Member of the New South Wales Legislative Council
- Incumbent
- Assumed office 23 March 2019

Personal details
- Born: 25 March 1981 (age 45) Sydney, New South Wales, Australia
- Party: Animal Justice Party
- Alma mater: Monash University
- Profession: Psychologist
- Website: https://www.emmahurstmp.com/

= Emma Hurst =

Australian politician

Emma Christine Hurst (born 25 March 1981) is an Australian politician, psychologist and vegan bodybuilder. She was elected to the New South Wales Legislative Council representing the Animal Justice Party at the 2019 state election.

Hurst became involved in animal welfare in 2002, and worked as a media officer for PETA and campaign officer for Animal Liberation. She contested the seat of Grayndler for the Animal Justice Party at the 2016 Australian federal election, and became a member of the NSW Legislative Council following the 2019 NSW state election.

== Early years and background ==
Born and raised in Sydney, Hurst became an animal activist during childhood.

Hurst graduated from Monash University and is a registered psychologist.

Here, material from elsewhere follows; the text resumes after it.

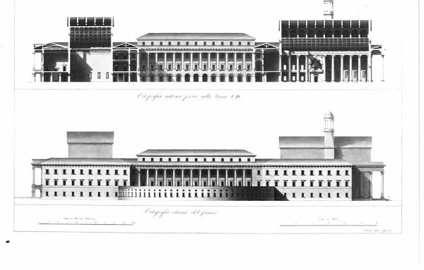 Inf.: prospetto della casa di ritiro per militari invalidi, a china, bistro e acquerello grigio e azzurro con vista del muro dell'esedra, dell'edificio a tre piani, del fianco del tempio e della copertura dell'atrio principale. Sup.: sezione sulla linea long. CD sull'ingresso, sul grande atrio con copertura a volta acssettonata, sul cortile, e dell'interno del tempio. Veduta del sistema di copertura, del colonnato dell'aula e dell'organo.

=== Animal campaigning ===
Hurst has run a campaign that saw two major duck producers successfully prosecuted by the ACCC, the end of various cruel wild goat racing events, multiple companies including major burger chains and butchers cease their sales of rabbit meat, and hundreds of animals released from medical research.

=== Vegan bodybuilding ===
Hurst became a vegan bodybuilder at age 37. Despite being told she was "too old to compete" and "it would be too hard to go into a bodybuilding competition as a vegan", Hurst took home three gold medals at Australian Natural Bodybuilding bikini competitions. Following her success she continues to advocate for a healthy plant-based lifestyle, competing in numerous half marathons.

== Political career ==
In 2019, Hurst became the second member of the Animal Justice Party elected to the NSW Legislative Council.

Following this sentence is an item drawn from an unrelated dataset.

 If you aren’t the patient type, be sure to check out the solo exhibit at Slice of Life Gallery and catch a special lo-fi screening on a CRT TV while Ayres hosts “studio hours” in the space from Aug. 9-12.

Soon after her election she established and chaired a NSW Parliamentary Inquiry into the Use of Battery Cages for Hens in the Egg Production Industry. The Inquiry recommended that all food products containing eggs from caged hens should be clearly labelled for the benefit of consumers, and a phase-out of battery cage hen farming in NSW.

On 26 September 2019, Hurst established a second Inquiry into the exhibition of exotic animals in circuses and exhibition of cetaceans in NSW, where she served as Deputy Chair.

Hurst has been a frequent opponent of Australian ag-gag laws, speaking out against the NSW Government's Right to Farm Bill and increased biosecurity legislation. She has campaigned for increased transparency in the Australian animal agriculture industry.